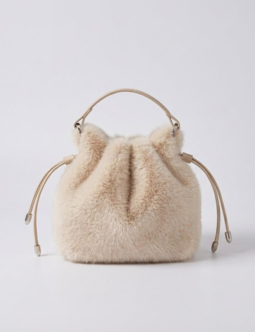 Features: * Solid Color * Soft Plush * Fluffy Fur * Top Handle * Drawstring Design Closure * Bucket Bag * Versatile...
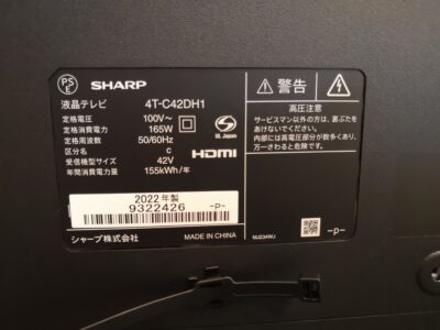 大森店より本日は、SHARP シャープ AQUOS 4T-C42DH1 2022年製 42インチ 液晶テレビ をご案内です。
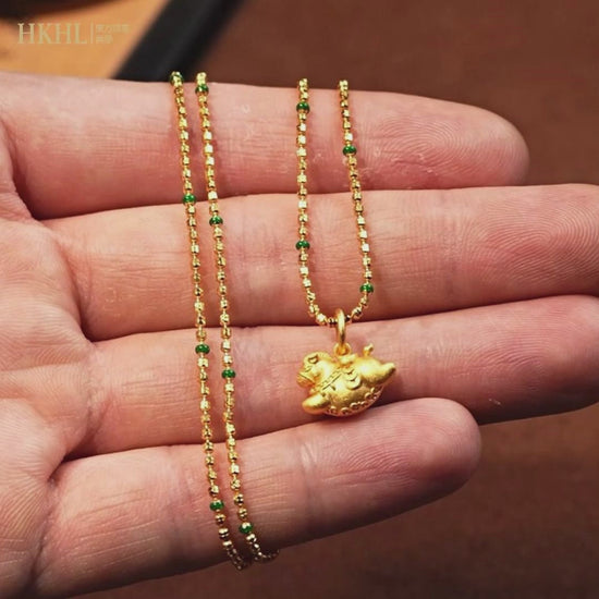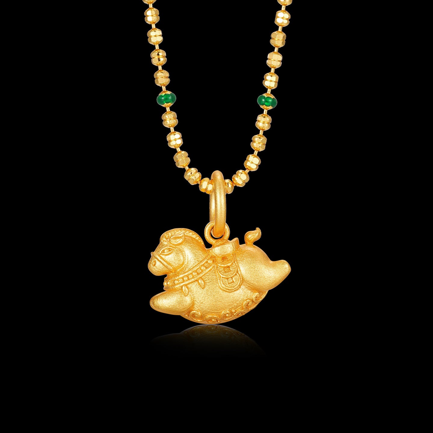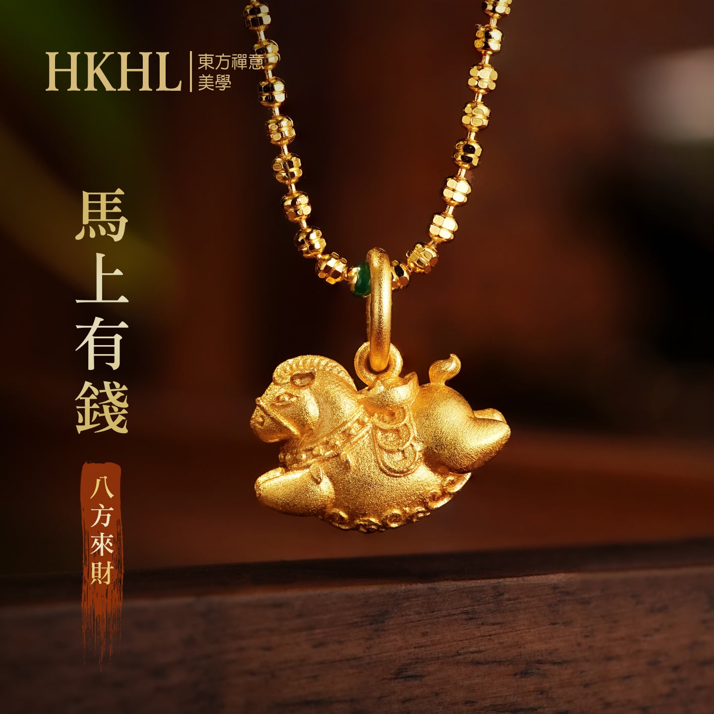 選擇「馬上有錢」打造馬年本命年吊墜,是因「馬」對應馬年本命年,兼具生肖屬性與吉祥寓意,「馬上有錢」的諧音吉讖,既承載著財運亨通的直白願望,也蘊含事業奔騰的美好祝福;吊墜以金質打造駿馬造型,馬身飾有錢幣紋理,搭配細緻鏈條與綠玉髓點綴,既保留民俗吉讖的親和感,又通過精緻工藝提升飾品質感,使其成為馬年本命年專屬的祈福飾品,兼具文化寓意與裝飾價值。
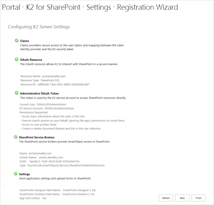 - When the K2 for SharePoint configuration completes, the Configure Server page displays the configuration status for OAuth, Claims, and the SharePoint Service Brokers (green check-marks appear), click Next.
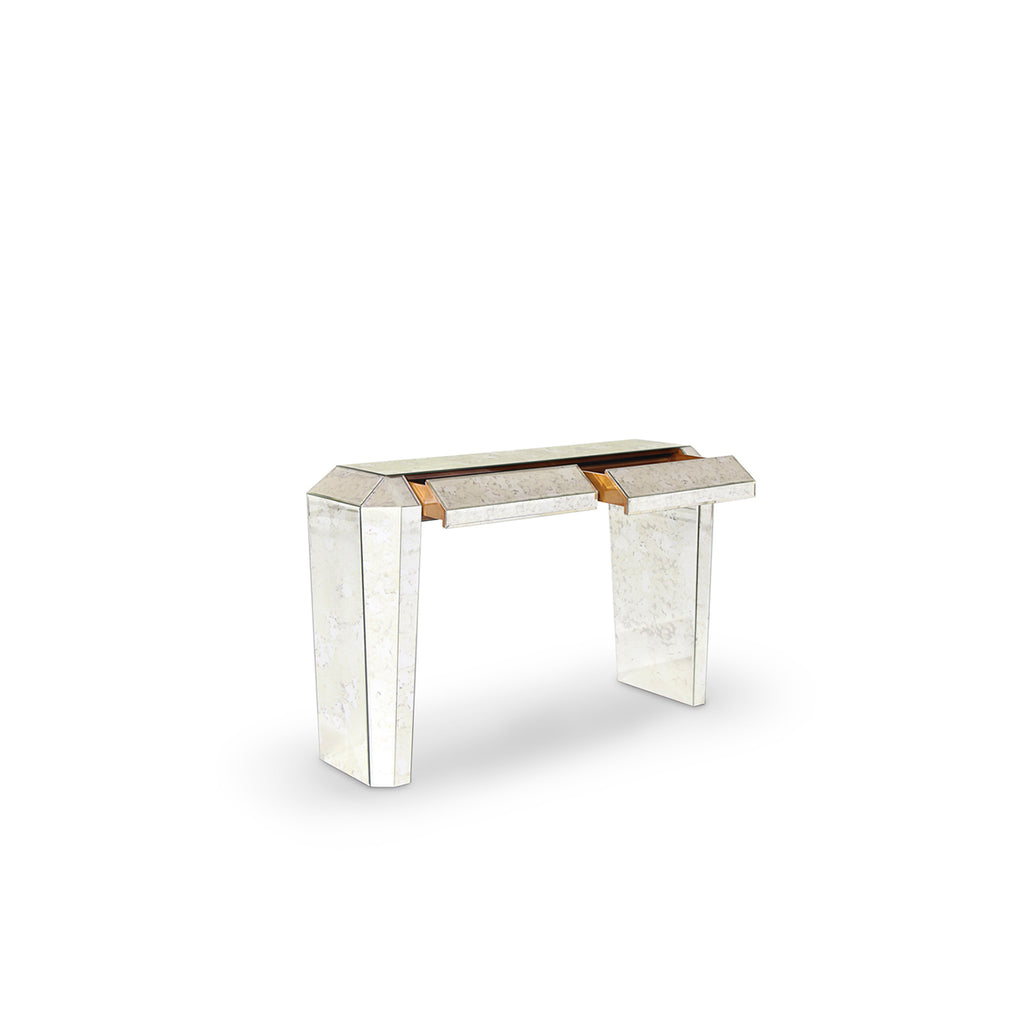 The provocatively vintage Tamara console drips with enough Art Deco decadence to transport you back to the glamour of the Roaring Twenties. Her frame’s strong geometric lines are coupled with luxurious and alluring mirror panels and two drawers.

○ ○ ○ ○ ○ ○ ○

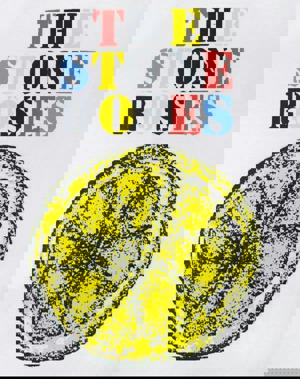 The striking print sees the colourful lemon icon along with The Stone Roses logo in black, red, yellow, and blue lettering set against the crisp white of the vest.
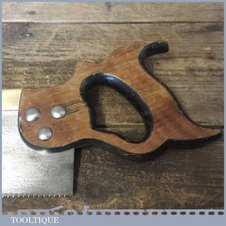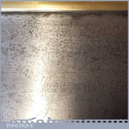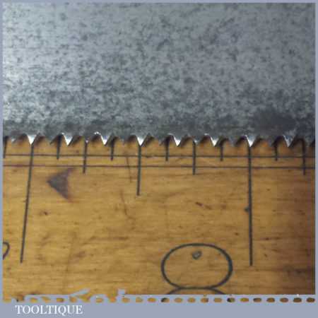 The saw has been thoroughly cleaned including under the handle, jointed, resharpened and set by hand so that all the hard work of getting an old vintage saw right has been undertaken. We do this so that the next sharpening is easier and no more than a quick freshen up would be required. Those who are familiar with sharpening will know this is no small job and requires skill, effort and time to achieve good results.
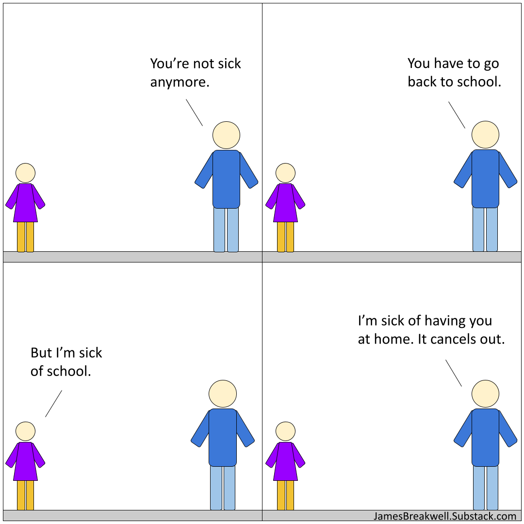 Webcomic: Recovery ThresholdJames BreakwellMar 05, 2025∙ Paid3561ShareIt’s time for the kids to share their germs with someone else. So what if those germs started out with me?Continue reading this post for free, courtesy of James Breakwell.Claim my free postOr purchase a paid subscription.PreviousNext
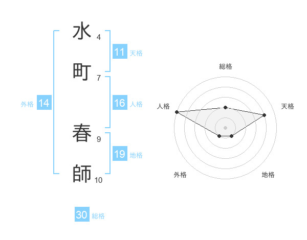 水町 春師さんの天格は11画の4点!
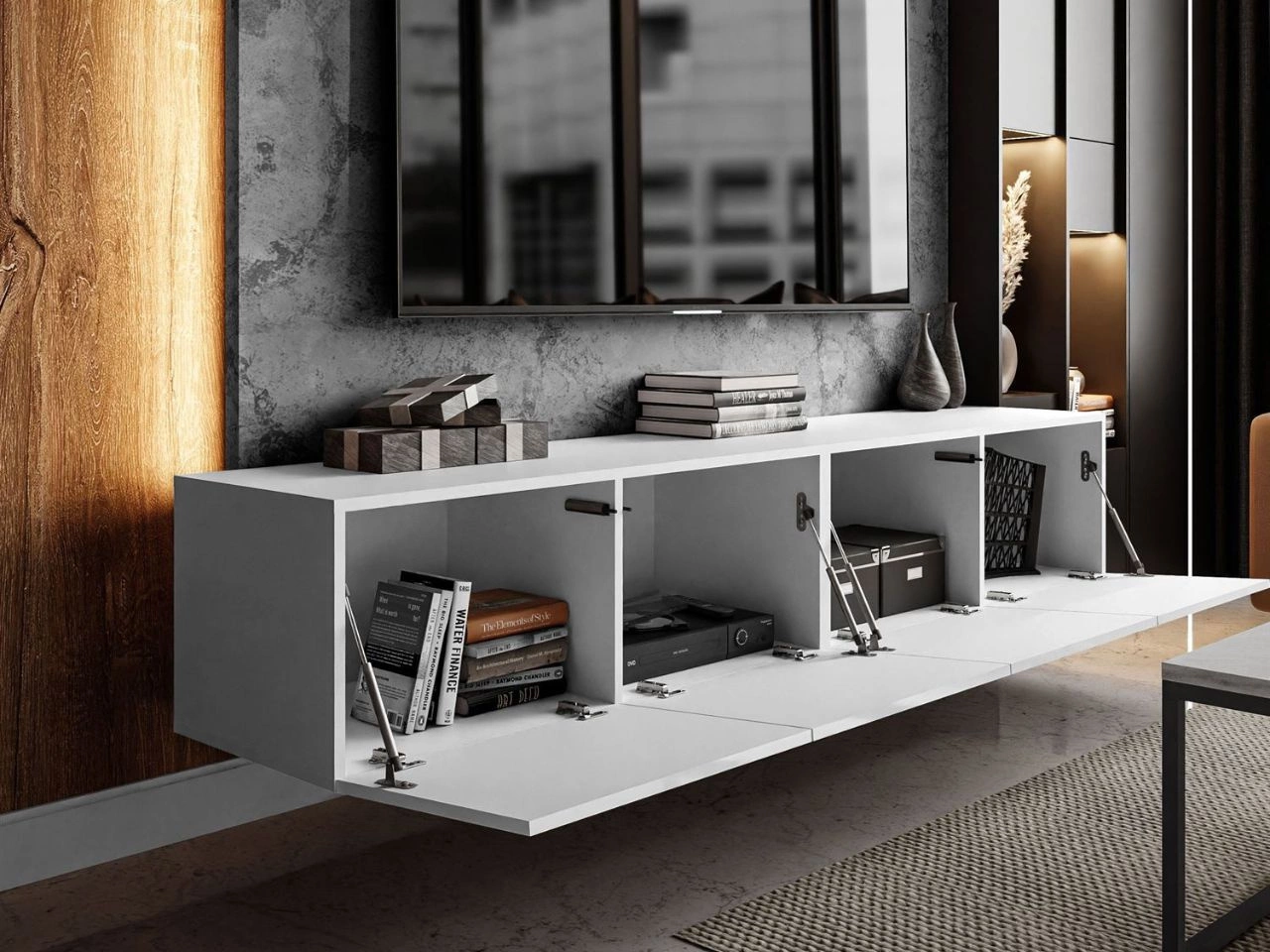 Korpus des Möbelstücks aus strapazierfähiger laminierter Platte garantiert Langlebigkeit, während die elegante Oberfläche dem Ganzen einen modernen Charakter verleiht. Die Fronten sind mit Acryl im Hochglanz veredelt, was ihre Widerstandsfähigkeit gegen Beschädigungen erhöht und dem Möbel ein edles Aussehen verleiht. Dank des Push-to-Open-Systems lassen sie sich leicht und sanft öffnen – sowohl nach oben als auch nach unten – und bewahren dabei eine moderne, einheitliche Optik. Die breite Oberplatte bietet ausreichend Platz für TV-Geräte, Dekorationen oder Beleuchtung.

○ ○ ○ ○ ○ ○ ○

#### TASK PROMPT:
Produce an exact reproduction of the listing above, limited to the lines starting at the line with "Features: * Solid" and ending at the line with "- When the K2", both kept, with every picture left out.

#### RESPONSE AREA:
 Features: * Solid Color * Soft Plush * Fluffy Fur * Top Handle * Drawstring Design Closure * Bucket Bag * Versatile...
 大森店より本日は、SHARP シャープ AQUOS 4T-C42DH1 2022年製 42インチ 液晶テレビ をご案内です。
 選擇「馬上有錢」打造馬年本命年吊墜,是因「馬」對應馬年本命年,兼具生肖屬性與吉祥寓意,「馬上有錢」的諧音吉讖,既承載著財運亨通的直白願望,也蘊含事業奔騰的美好祝福;吊墜以金質打造駿馬造型,馬身飾有錢幣紋理,搭配細緻鏈條與綠玉髓點綴,既保留民俗吉讖的親和感,又通過精緻工藝提升飾品質感,使其成為馬年本命年專屬的祈福飾品,兼具文化寓意與裝飾價值。
 - When the K2 for SharePoint configuration completes, the Configure Server page displays the configuration status for OAuth, Claims, and the SharePoint Service Brokers (green check-marks appear), click Next.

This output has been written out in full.